High-quality trials to test these strategies should be informed by factors such as burden of disease, greatest needs of the population, evidence syntheses showing that more research is required, and identification of novel or promising interventions. To facilitate the conduct of large, high-quality Australian MSK clinical trials that address the most pertinent questions with an emphasis on improving the translation of research findings into clinical practice, we have formed the Australian Musculoskeletal Clinical Trials Group (AUSMUSC). To determine the current scope of Australian MSK clinical trials, we identified the MSK trials currently being performed in Australia, including their source of funding and where they are being published.

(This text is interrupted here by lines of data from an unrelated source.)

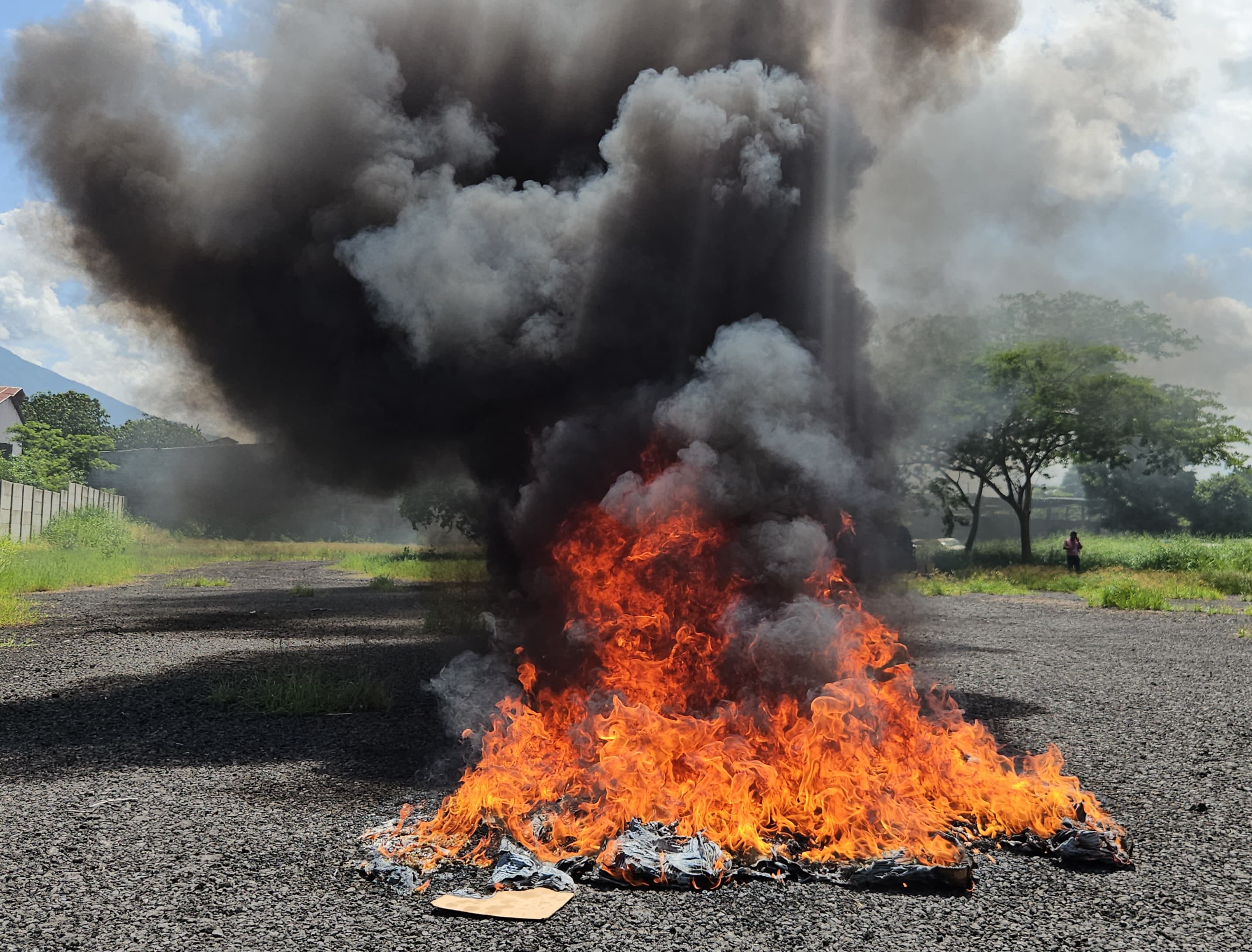 Entre la droga incinerada están 1, 008. 5 gramos que fueron incautados el 18 de abril de 2002, en la 30 avenida sur de la colonia Ciudad Real, de San Miguel. El ilícito tenía un valor económico de $25,353 dólares.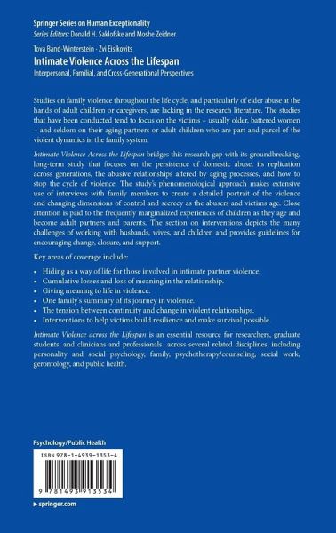 The relatively intense preoccupation with elder abuse in the gerontological literature in recent years has not specifically addressed long-term intimate violence among the old adults and its lasting consequences. Similarly, the literature on intimate intergenerational relationships in old age has usually focused on normative exchanges between partners and their extended family, including their adult children. Therefore, conflictive relationships, and particularly violent ones, have also fallen outside the scope of this body of research. This volume describes and analyzes the various perspectives of family members concerning life, and particularly old age, in the shadow of long-term intimate violence. It explores how people make sense out of living and aging in violence, how interpersonal, familial and cross-generational relationships are perceived and reconstructed and how "we-ness" is achieved, if at all, in such families.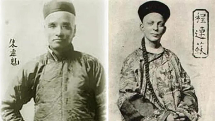 中国魔术师朱连魁(左)和模仿他冒充中国人的美国魔术师“程连苏”(右)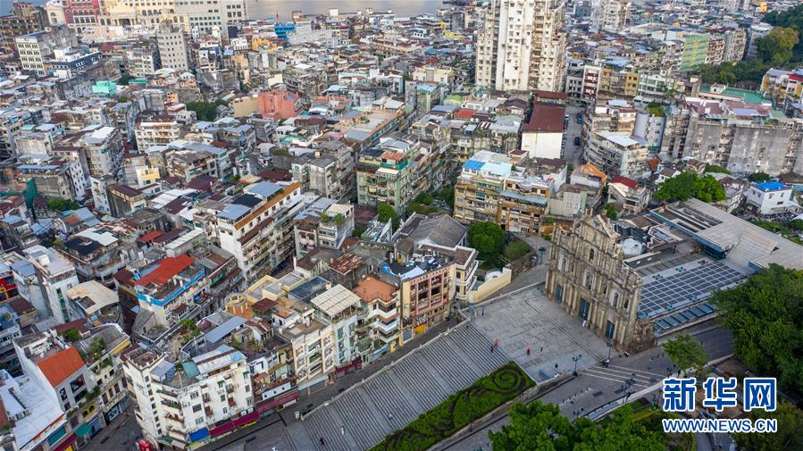 10月24日早晨無(wú)人機(jī)拍攝的澳門著名歷史遺跡——大三巴牌坊及周邊區(qū)域。2018年10月23日,港珠澳大橋正式開通。新華社記者張金加攝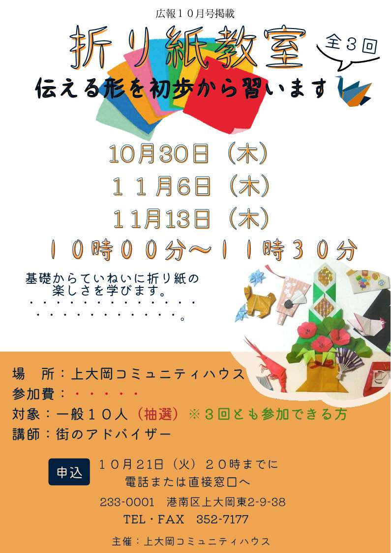折り紙教室(3回) ~伝えるかたちを初歩から習います(全3回)

MSK trials were defined as trials in humans which investigate interventions for the treatment or prevention of inflammatory and non-inflammatory arthritis, regional conditions (back, neck, shoulder/arm, elbow/forearm, hip/thigh, knee/leg, wrist/hand or ankle/foot), gout, osteoporosis or related conditions, autoimmune diseases including systemic lupus erythematosus and scleroderma, and fibromyalgia. We included all trials with an MSK focus (treatment and/or outcome) even if the participants had another primary condition. Pain trials were excluded if the site of pain was not specified and injury trials other than fractures were also excluded. Trials were considered “Australian” if Australian participants were recruited, and “Australian investigator-initiated” if there was an Australian primary contact.
We searched the National Health and Medical Research Council (NHMRC) website to identify successful MSK trial grants (including project and program grants) within the past 5 years (those with funding commencing in 2009–2013).6 The number of successful MSK trial project grants and the amount of funding awarded was compared with the number of grants and amount of funding awarded for all NHMRC-funded clinical trials, and for all NHMRC project grants.
NHMRC project grants have provided funding of more than $17.6 million for 29 MSK trials over the past 5 years (range, 2–9 trials per year) (Box). This represents 0.8% of all project grants funded, 0.8% of the total funding allocated to project grants ($17.6 million out of > $2 billion) and 5.0% of the total amount of NHMRC funding allocated to clinical trials ($17.6 million out of $354 million).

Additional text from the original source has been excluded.